Pub Date : 2021-07-01DOI: 10.1016/j.plipres.2021.101113
Maryam Abshirini, Bolaji Lilian Ilesanmi-Oyelere, Marlena C. Kruger
Long-chain polyunsaturated fatty acids (LCPUFAs) and their metabolites are considered essential factors to support bone and joint health. The n-6 PUFAs suppress the osteoblasts differentiation via increasing peroxisome proliferator-activated receptor gamma (PPARγ) expression and promoting adipogenesis while n-3 PUFAs promote osteoblastogenesis by down-regulating PPARγ and enhancing osteoblastic activity.
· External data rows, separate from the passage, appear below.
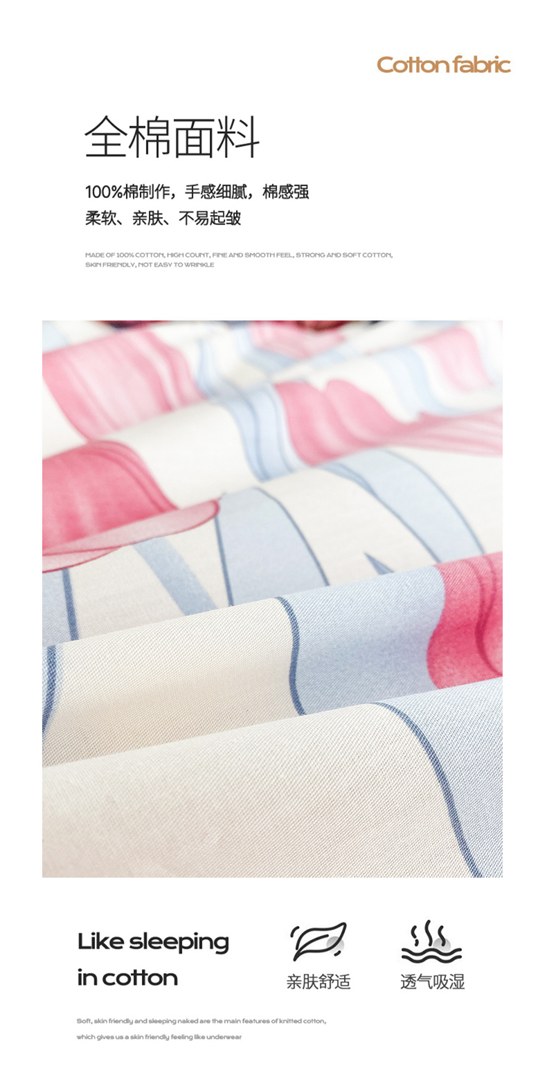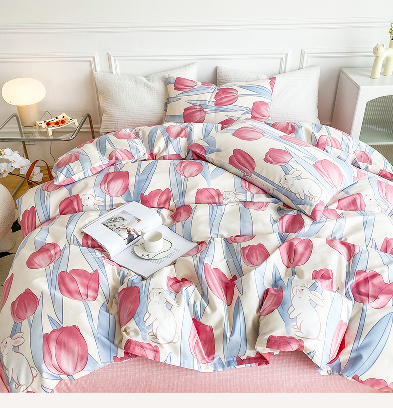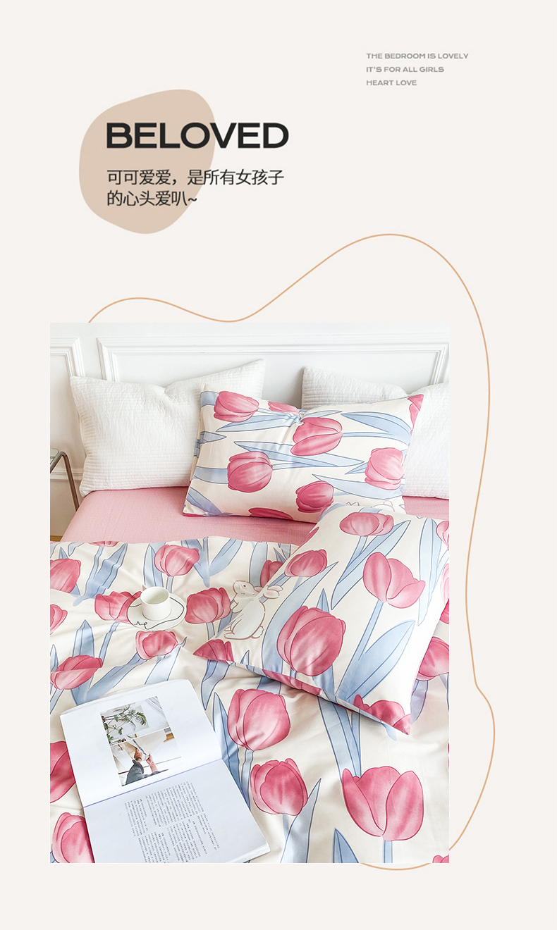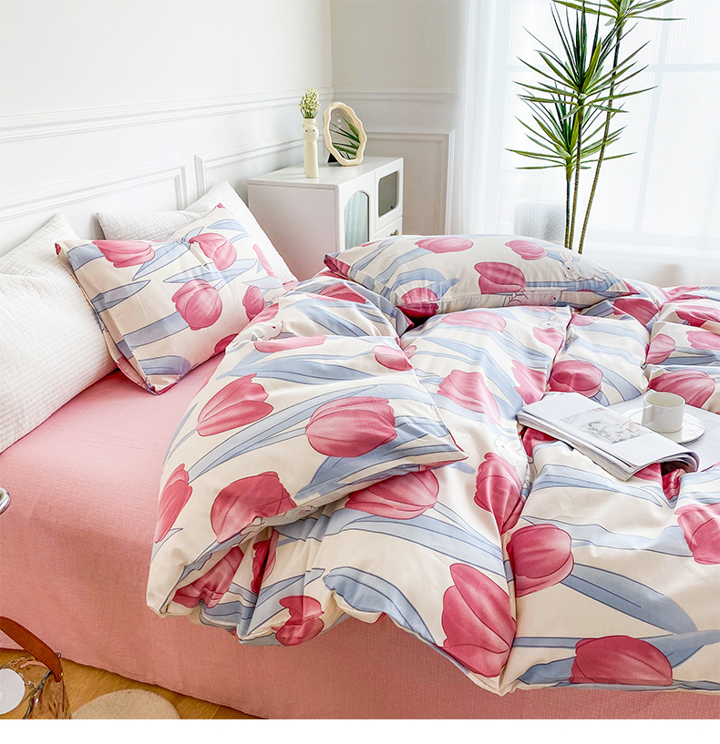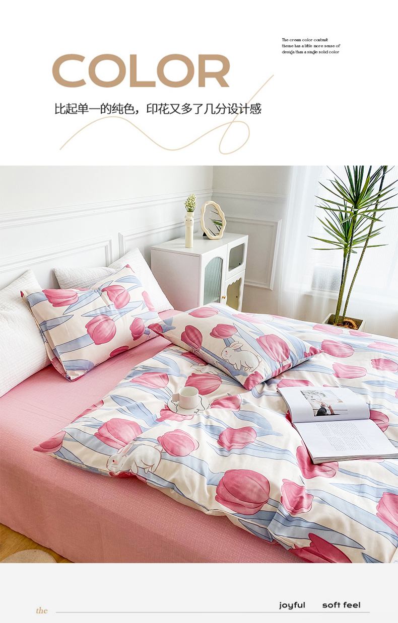 珺柔家纺 2023新款13372全棉印花四件套 粉色郁金香
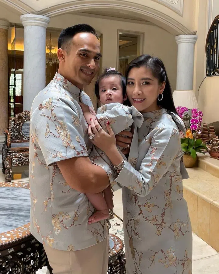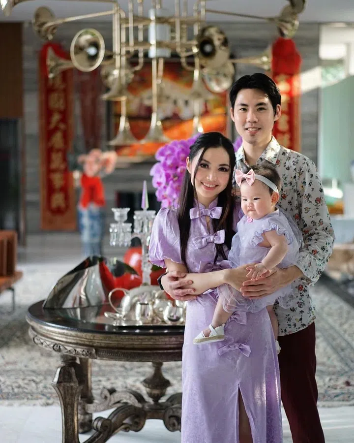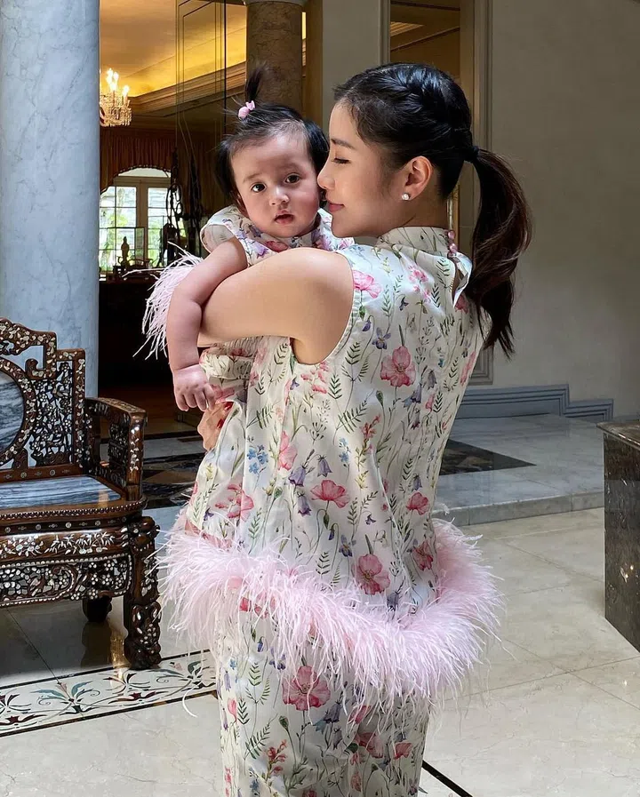 不知不觉,Chryseis的宝贝千金已经7个月大了!这个新年,母女俩一同穿上Varithorn Boutique的亲自装,印花套装上缀着一圈羽毛细节,活泼又灵动。
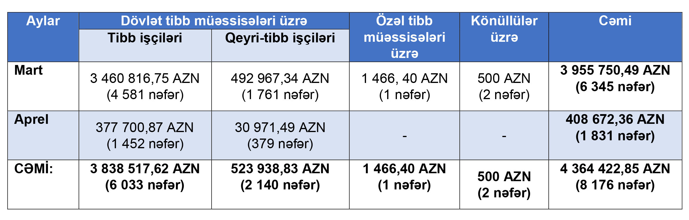 Tibb və qeyri-tibb tibb işçilərinə, eləcə də könüllülərə qeyd edilən aylar üzrə ödənilən müddətli əlavə və mükafatların məbləği aşağıdakı kimidir:
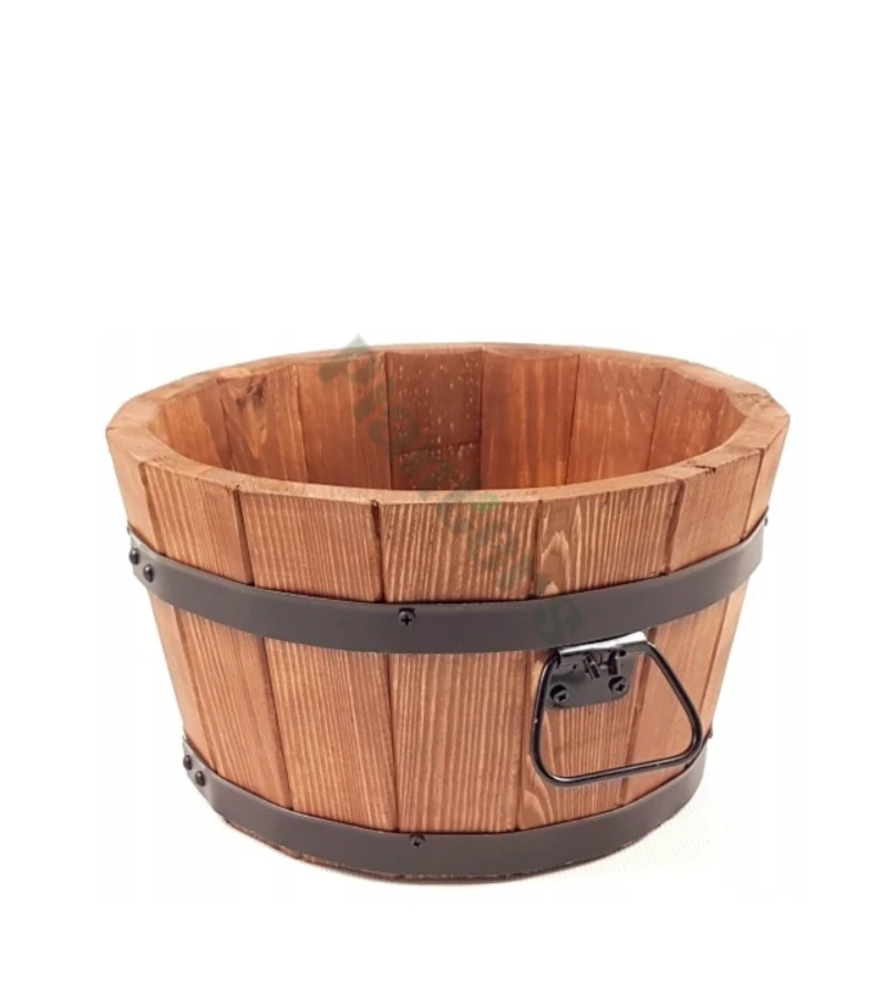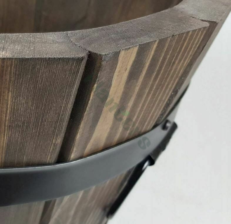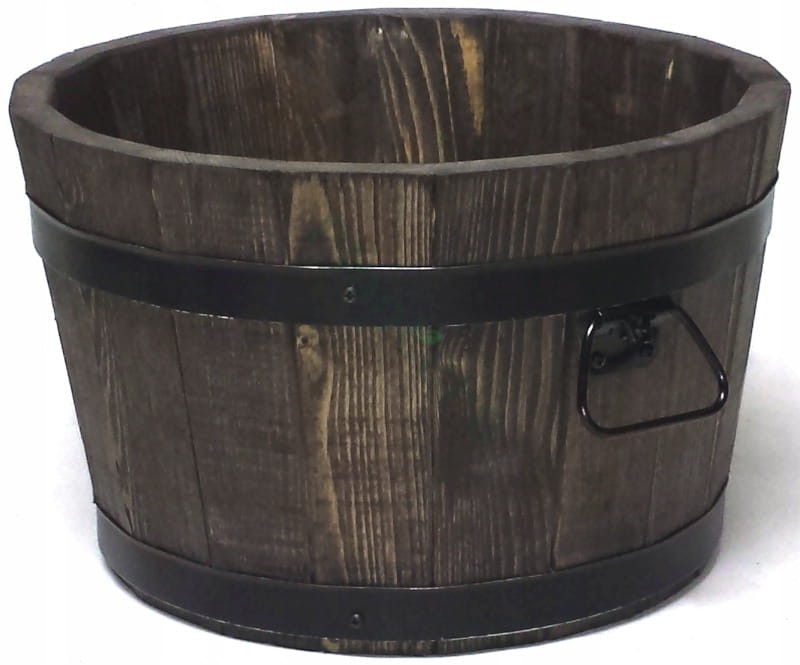 donica posiada otwór drenażowy w grubym dnie z drewna sosnowego
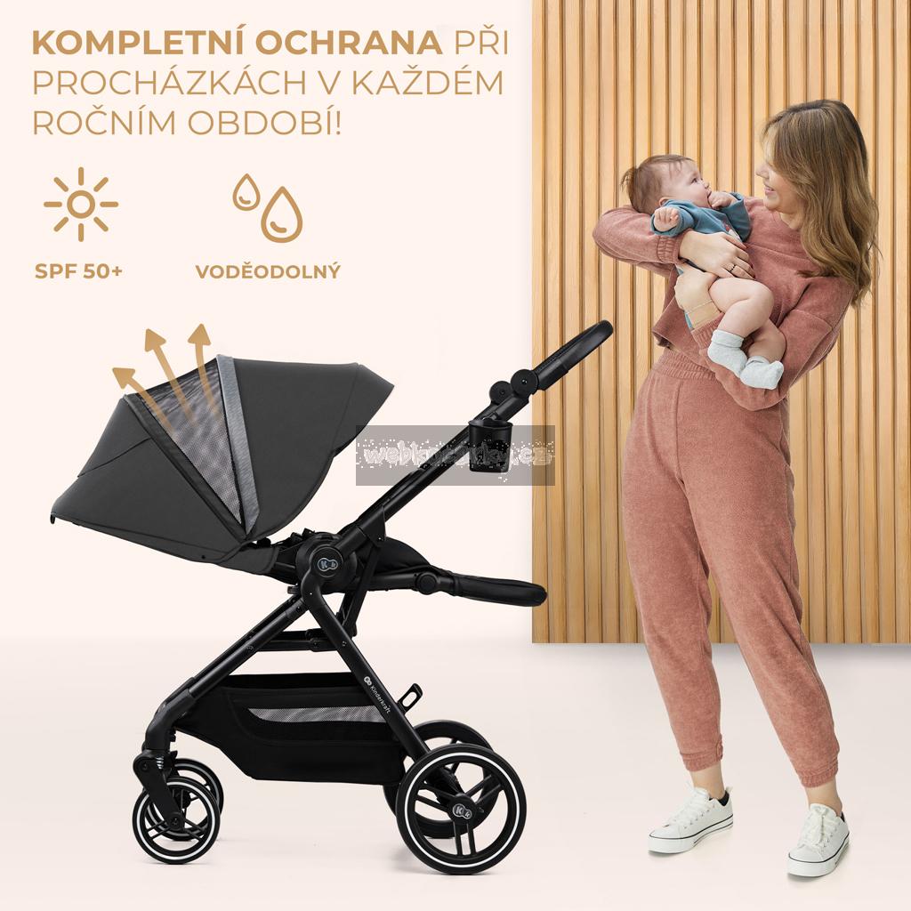 Stříška kočárku je velká a nepromokavá, s filtrem UPF50+. Má dodatečný ventilační panel a okénko pro kontakt s dítětem, přes které můžete sledovat, co vaše dítě dělá.

Arachidonic acid (AA) and its metabolite prostaglandin E2 (PGE2) are key regulators of osteoclast differentiation via induction of the receptor activator of nuclear factor kappa-Β ligand (RANKL) pathway. Marine-derived n-3 LCPUFAs have been shown to inhibit osteoclastogenesis by decreasing the osteoprotegerin (OPG)/RANKL signalling pathway mediated by a reduction of pro-inflammatory PGE2 derived from AA. Omega-3 PUFAs reduce the expression of cartilage degrading enzyme matrix metalloproteinase-13 (MMP-13) and a disintegrin and metalloprotease with thrombospondin motifs-5 (ADAMTS-5) protein, oxidative stress and thereby apoptosis via nuclear factor kappa-betta (NF-kβ) and inducible nitric oxide synthase (iNOS) pathways. In this review, a diverse range of important effects of LCPUFAs on bone cells and chondrocyte was highlighted through different mechanisms of action established by cell cultures and animal studies. This review allows a better understanding of the possible role of LCPUFAs in bone and chondrocyte metabolism as potential therapeutics in combating the pathological complications such as osteoporosis and osteoarthritis.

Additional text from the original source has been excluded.